▶ [Work request]: Your answer must be an exact copy of the entries, containing no images.

▶ [Material provided]:

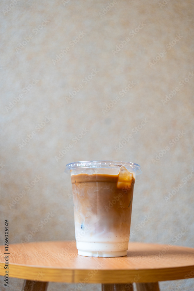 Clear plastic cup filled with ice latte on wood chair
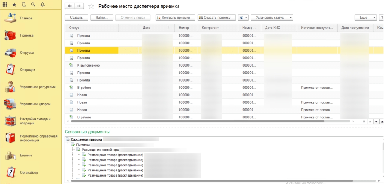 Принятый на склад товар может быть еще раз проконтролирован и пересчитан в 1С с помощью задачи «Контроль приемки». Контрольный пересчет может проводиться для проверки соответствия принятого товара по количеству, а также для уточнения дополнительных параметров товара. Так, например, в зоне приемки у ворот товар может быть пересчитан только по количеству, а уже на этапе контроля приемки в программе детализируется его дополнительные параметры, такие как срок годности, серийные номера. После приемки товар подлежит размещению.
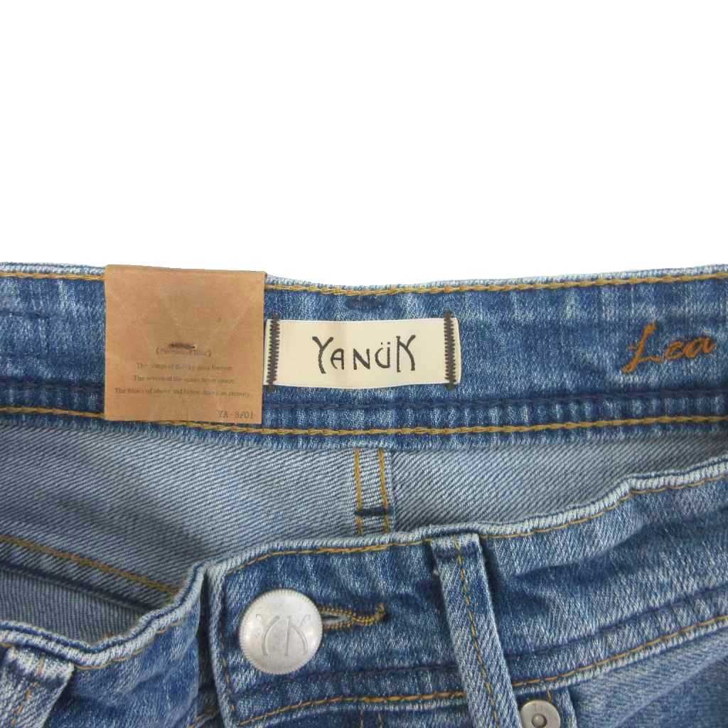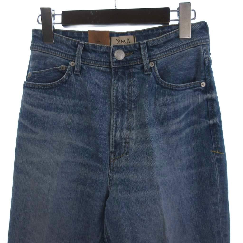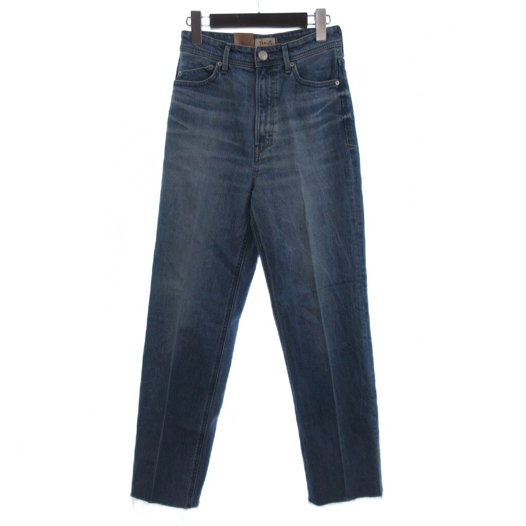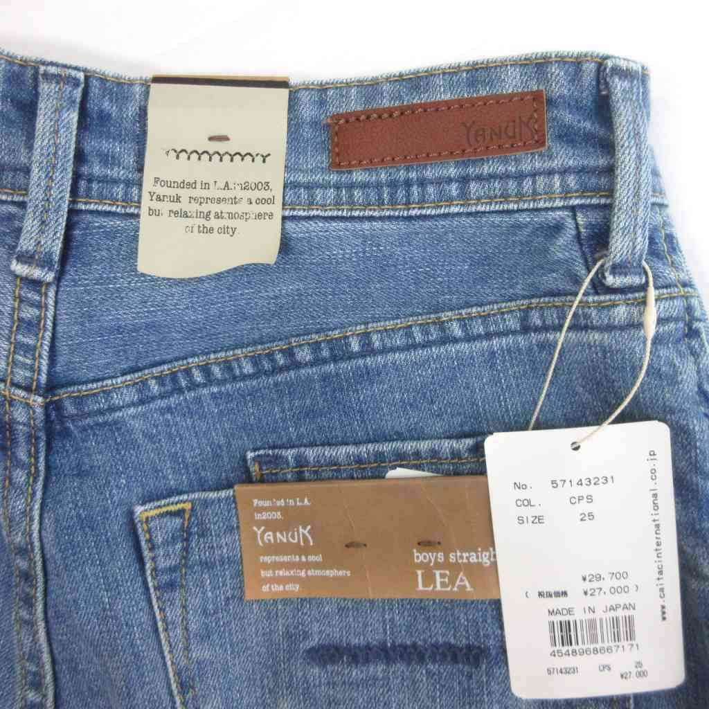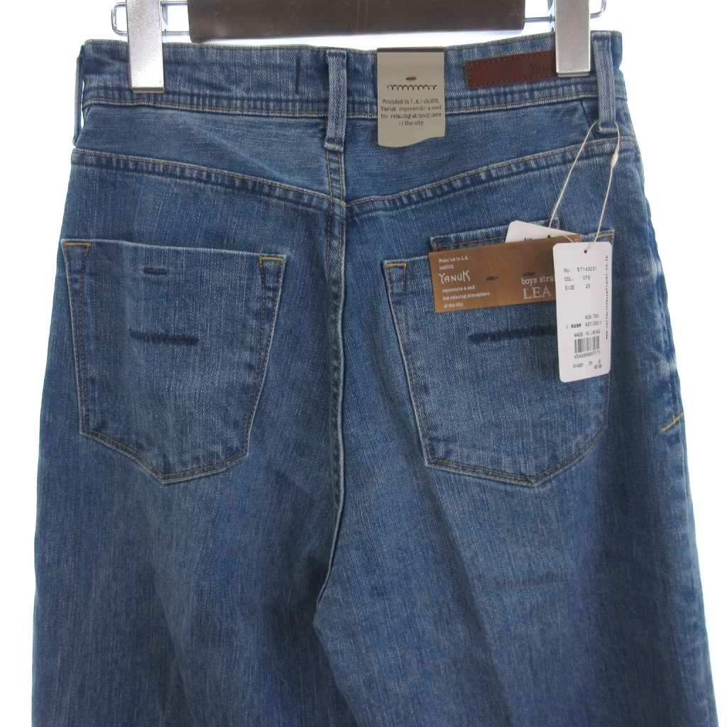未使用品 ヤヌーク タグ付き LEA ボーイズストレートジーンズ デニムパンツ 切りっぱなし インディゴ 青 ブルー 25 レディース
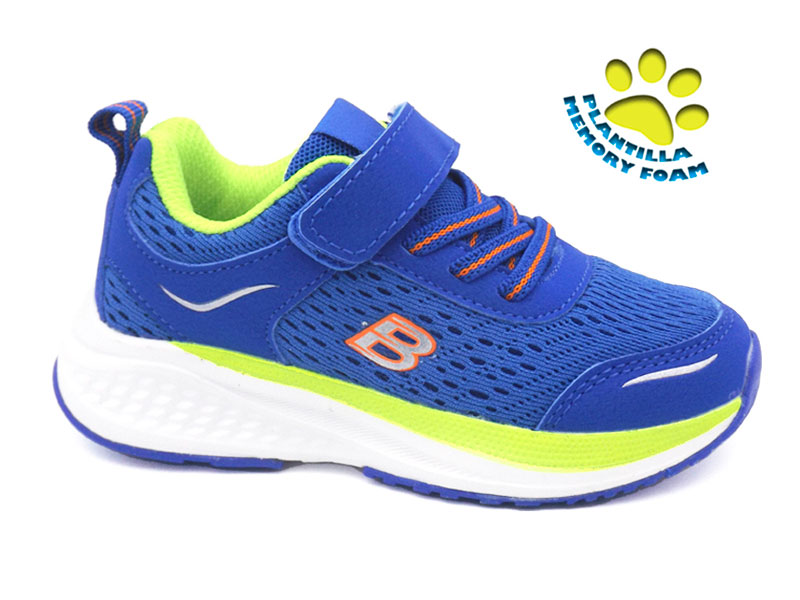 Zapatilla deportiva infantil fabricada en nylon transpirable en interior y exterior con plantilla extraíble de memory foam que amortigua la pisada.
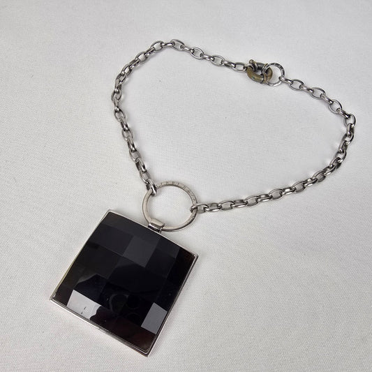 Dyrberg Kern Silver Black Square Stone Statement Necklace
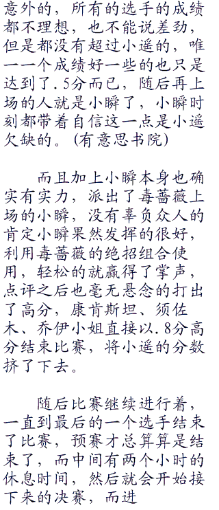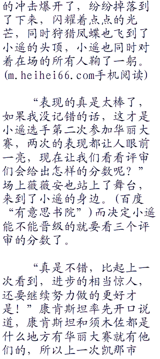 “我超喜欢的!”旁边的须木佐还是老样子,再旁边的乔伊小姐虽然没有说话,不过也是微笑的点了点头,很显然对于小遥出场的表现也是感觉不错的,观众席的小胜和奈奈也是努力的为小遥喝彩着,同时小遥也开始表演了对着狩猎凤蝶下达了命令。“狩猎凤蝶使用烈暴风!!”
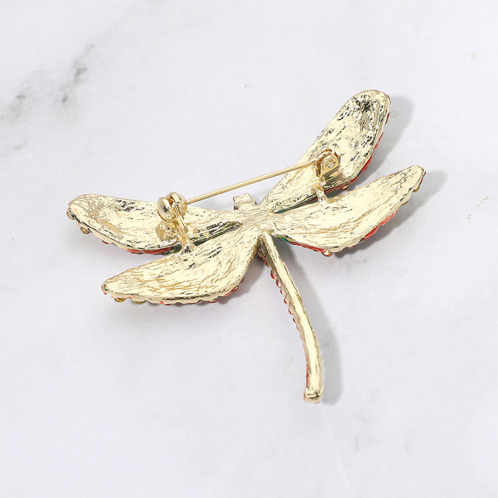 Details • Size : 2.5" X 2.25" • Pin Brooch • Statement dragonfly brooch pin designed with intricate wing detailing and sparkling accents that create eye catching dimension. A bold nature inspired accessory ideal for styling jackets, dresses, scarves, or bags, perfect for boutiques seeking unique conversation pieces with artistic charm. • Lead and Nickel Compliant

▶ [Written solution]:
 Clear plastic cup filled with ice latte on wood chair
 Принятый на склад товар может быть еще раз проконтролирован и пересчитан в 1С с помощью задачи «Контроль приемки». Контрольный пересчет может проводиться для проверки соответствия принятого товара по количеству, а также для уточнения дополнительных параметров товара. Так, например, в зоне приемки у ворот товар может быть пересчитан только по количеству, а уже на этапе контроля приемки в программе детализируется его дополнительные параметры, такие как срок годности, серийные номера. После приемки товар подлежит размещению.
未使用品 ヤヌーク タグ付き LEA ボーイズストレートジーンズ デニムパンツ 切りっぱなし インディゴ 青 ブルー 25 レディース
 Zapatilla deportiva infantil fabricada en nylon transpirable en interior y exterior con plantilla extraíble de memory foam que amortigua la pisada.
 Dyrberg Kern Silver Black Square Stone Statement Necklace
 “我超喜欢的!”旁边的须木佐还是老样子,再旁边的乔伊小姐虽然没有说话,不过也是微笑的点了点头,很显然对于小遥出场的表现也是感觉不错的,观众席的小胜和奈奈也是努力的为小遥喝彩着,同时小遥也开始表演了对着狩猎凤蝶下达了命令。“狩猎凤蝶使用烈暴风!!”
 Details • Size : 2.5" X 2.25" • Pin Brooch • Statement dragonfly brooch pin designed with intricate wing detailing and sparkling accents that create eye catching dimension. A bold nature inspired accessory ideal for styling jackets, dresses, scarves, or bags, perfect for boutiques seeking unique conversation pieces with artistic charm. • Lead and Nickel Compliant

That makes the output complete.